* SUPPLIED DATA

--*--

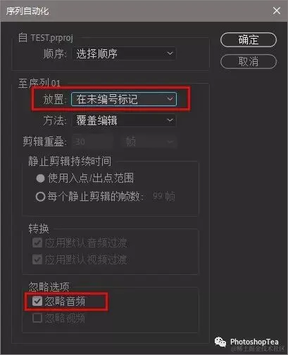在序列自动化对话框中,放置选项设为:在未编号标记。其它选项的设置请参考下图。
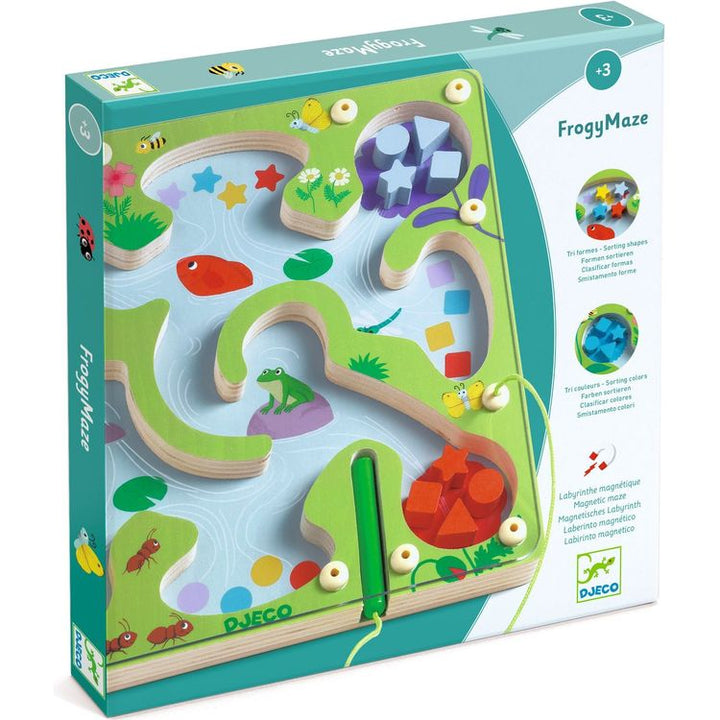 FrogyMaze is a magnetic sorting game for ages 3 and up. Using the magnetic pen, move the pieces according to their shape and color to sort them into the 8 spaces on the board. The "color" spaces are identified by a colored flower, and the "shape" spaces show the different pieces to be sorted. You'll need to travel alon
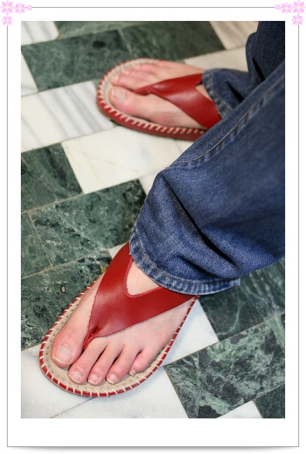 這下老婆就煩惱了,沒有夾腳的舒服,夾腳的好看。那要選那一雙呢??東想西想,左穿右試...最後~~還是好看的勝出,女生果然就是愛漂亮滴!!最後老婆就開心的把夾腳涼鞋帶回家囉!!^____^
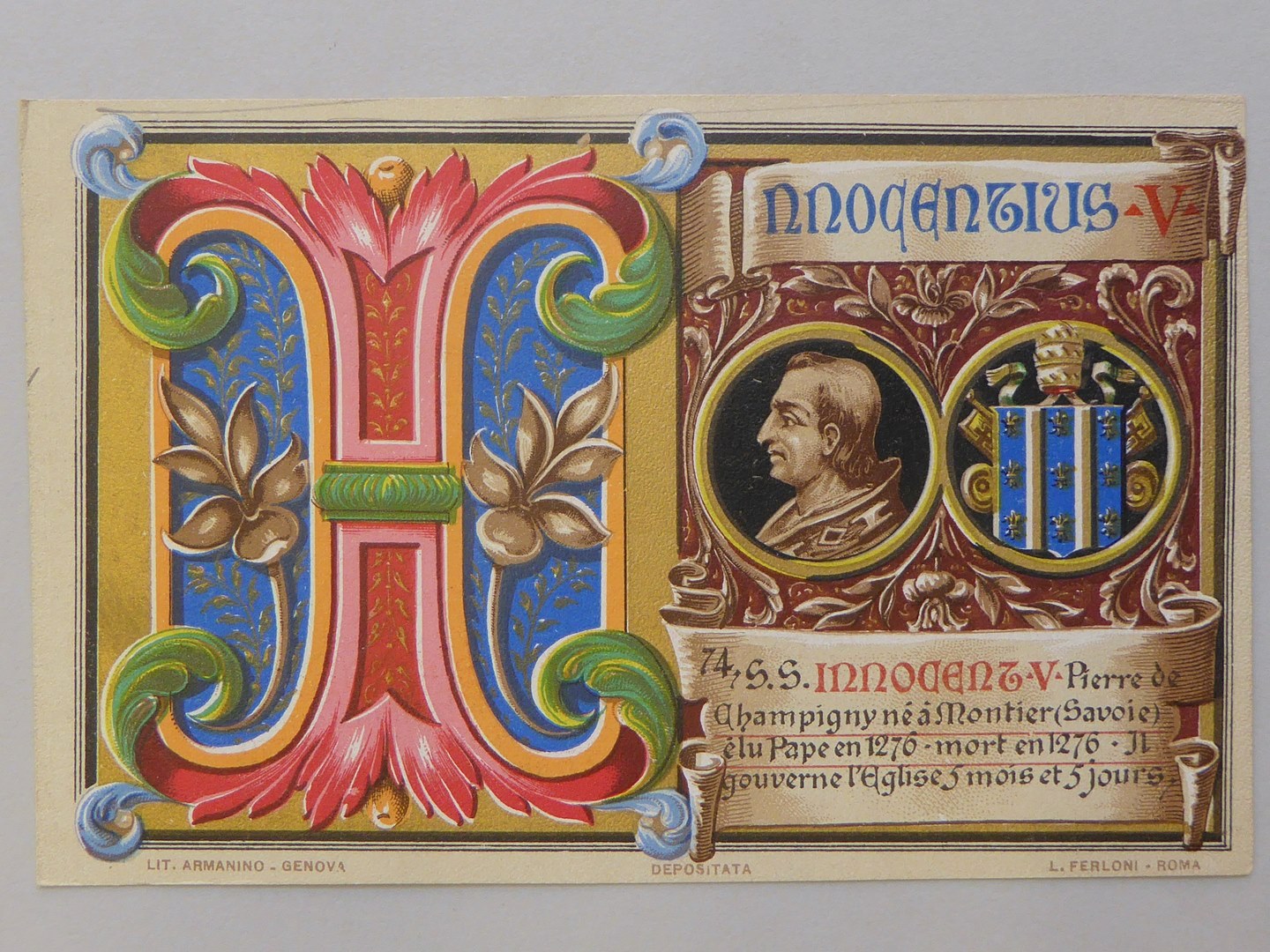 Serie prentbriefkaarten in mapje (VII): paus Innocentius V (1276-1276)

--*--

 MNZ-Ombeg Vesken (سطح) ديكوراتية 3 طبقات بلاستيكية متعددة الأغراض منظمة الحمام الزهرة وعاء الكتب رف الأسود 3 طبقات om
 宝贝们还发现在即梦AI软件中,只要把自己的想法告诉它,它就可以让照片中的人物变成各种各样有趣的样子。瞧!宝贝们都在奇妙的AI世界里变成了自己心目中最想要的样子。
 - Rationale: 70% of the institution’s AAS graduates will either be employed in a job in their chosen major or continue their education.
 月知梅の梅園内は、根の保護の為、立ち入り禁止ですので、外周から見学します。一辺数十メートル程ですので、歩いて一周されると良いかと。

--*--

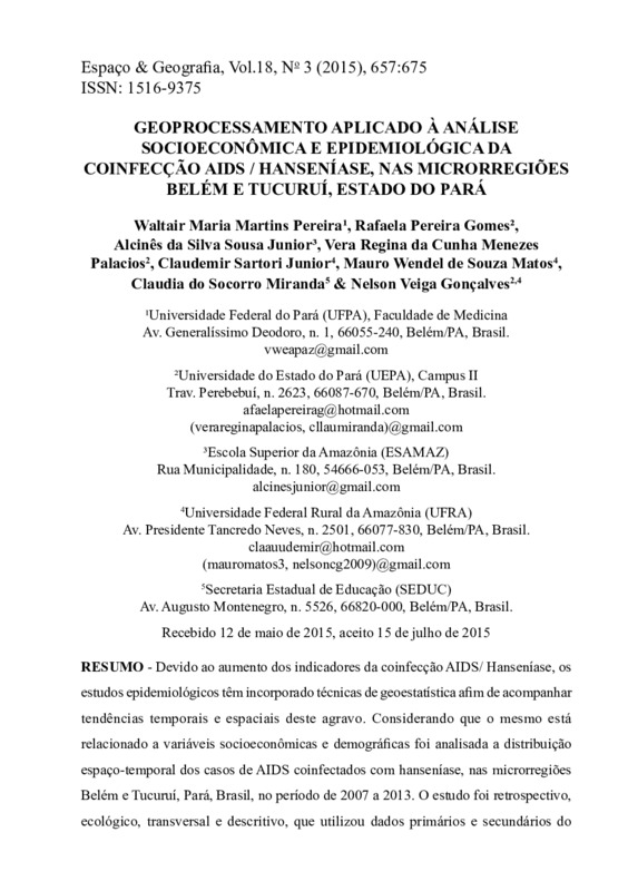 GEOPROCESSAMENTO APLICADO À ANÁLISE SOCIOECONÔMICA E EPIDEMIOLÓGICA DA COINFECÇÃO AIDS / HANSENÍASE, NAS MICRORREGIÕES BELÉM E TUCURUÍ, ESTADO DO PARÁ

--*--

* WORK REQUEST
An exact, complete copy of the lines above from the one with "宝贝们还发现在即梦AI软件中" through the one with "月知梅の梅園内は、根の保護の" is the whole answer.

* ANSWER TO THIS EXERCISE
 宝贝们还发现在即梦AI软件中,只要把自己的想法告诉它,它就可以让照片中的人物变成各种各样有趣的样子。瞧!宝贝们都在奇妙的AI世界里变成了自己心目中最想要的样子。
 - Rationale: 70% of the institution’s AAS graduates will either be employed in a job in their chosen major or continue their education.
 月知梅の梅園内は、根の保護の為、立ち入り禁止ですので、外周から見学します。一辺数十メートル程ですので、歩いて一周されると良いかと。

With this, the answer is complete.